De l’enfant à la mère, l’oiseau qui parle
C’est sa mère qui offrira d’ailleurs à Mathilde le compagnon de l’imaginaire le plus délicat et fantaisiste pour le réel de l’enfant, un oiseau que la petite fille découvrira doté de parole, une voix (incarnée en off avec talent par Micha Lescot) inaccessible aux oreilles de sa mère.

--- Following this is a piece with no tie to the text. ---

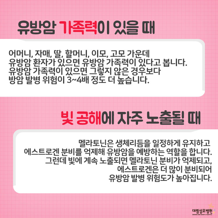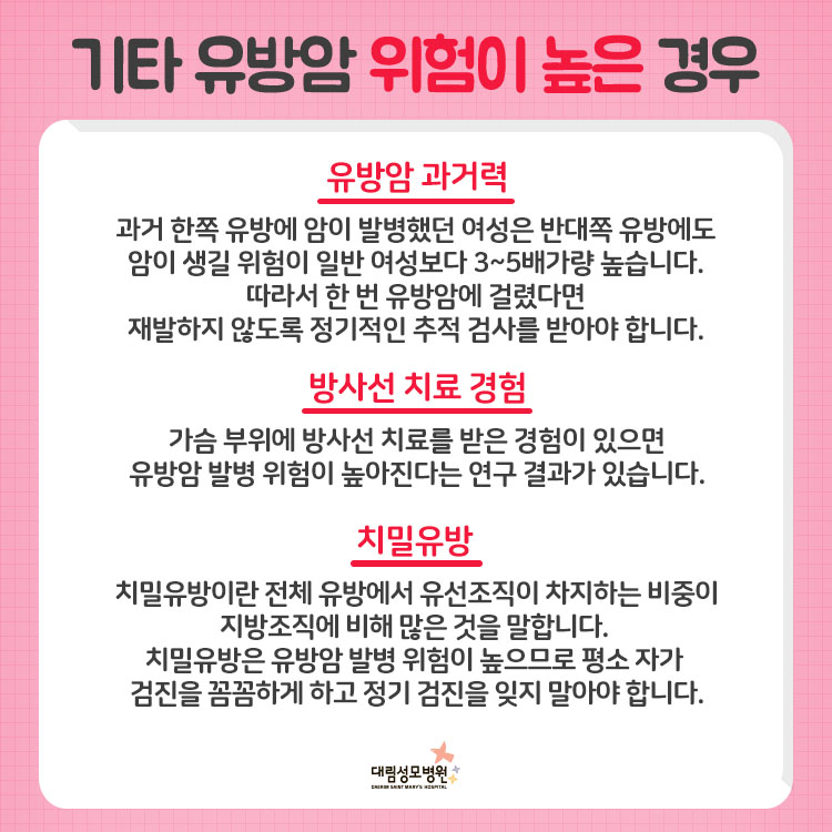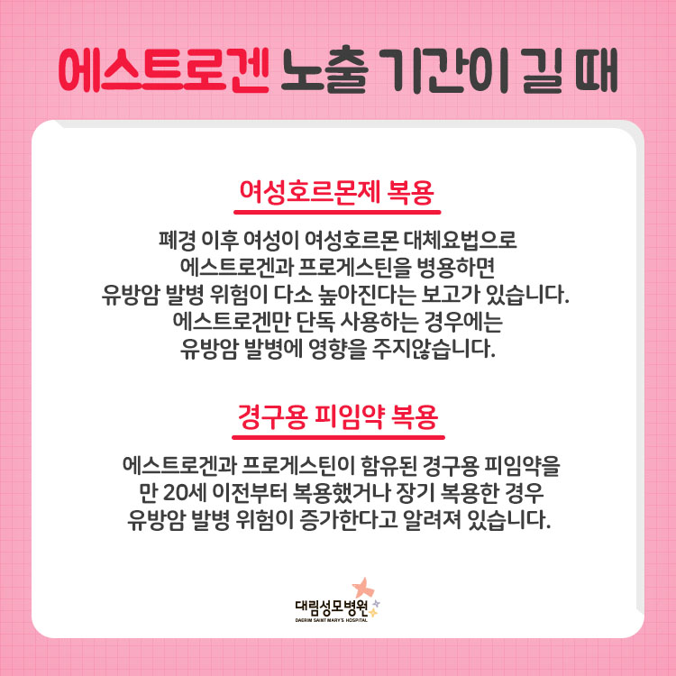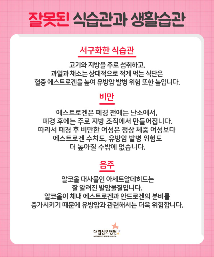 유방암의 원인으로 정확히 밝혀지지 않았지만 여성호르몬인 에스트로겐과의 연관성이 높다고 알려져 있습니다.전체 유방암 환자 중 유전적으로 발생한 경우는 5~10%에 해당하며 엄마, 자매, 딸이 유방암인 경우는 그렇지 않은 경우보다 2~3배 정도 발생 확률이 높아집니다.또한 폐경 후 갱년기 치료를 위해 호르몬제를 처방받는 경우도 유방암 발병률을 높입니다.그 밖에도 초경이 빠른 경우, 폐경이 늦은 경우, 출산 연령이 늦은 경우에도 원인이 됩니다.

En offrant du fantastique au film, Noémie Lvovsky crée un tiers, comme sorti d’un conte, venu colorer l’appartement et le quotidien de Mathilde et de sa mère. « Mes yeux voient autre chose que ce que je regarde. » dira celle-ci à son ex-mari (Matthieu Amalric), figure bienveillante mais comme détachée du vase clos dans lequel vivent sa fille et son ex-femme. S’il est « autorisé » à Mathilde de voir autre chose que ce qu’elle regarde, d’entendre autre chose (un oiseau qui parle) que le lot commun, les fugues à répétition de sa mère, adulte, ses absences, psychiques et physiques, renvoient un mur de détresse et de désarroi au monde et parfois à Mathilde. Pour accompagner ce récit, les registres du film se succèdent et s’échangent, le chagrin s’efface lorsqu’il devient trop lourd, la fantaisie se décale lorsqu’elle commence à perdre de sa modestie. La réalisatrice conduit sa mise en scène sur un fil qui ne craque jamais, maintenant jusqu’au bout son mélange de douceur amère et de tristesse colorée, dans un décor qui laisse la part belle à la création.
« Oh my Mama »
Ce lien mère-fille qui s’incarne de manière profonde à l’écran, accompagné par l’émouvante chanson « Oh my Mamma », comme une dédicace, de la musicienne américaine Alela Diane, tient beaucoup à la pétulance de la jeune Luce Rodriguez et à la poésie de Noémie Lvovsky. Il y est autant question d’amour que de déroute et Demain et tous les autres jours arrive au cinéma peu après une autre mise en scène d’un lien d’amour démesuré, celui de deux frères, dans le bouleversant film des frères Safdie, Good Time. Si le long métrage de Lvovsky n’a pas l’audace cinématographique et la puissance formelle de l’oeuvre des new-yorkais, il possède cette incarnation inéabranlable du lien sentimental qu’il dépeint. La dernière partie du film, Mathilde adulte et sa mère, viennent parachever l’exploration d’un lien, ici d’une mère avec sa fille, et ses mystérieux ressorts, jusque face à la maladie psychique. Dans une belle séquence, la jeune femme danse avec sa mère, puis lui raconte des histoires, suivant son incitation, après le cadeau d’un oiseau des années auparavannt : « She told me use your voice, my little bird ».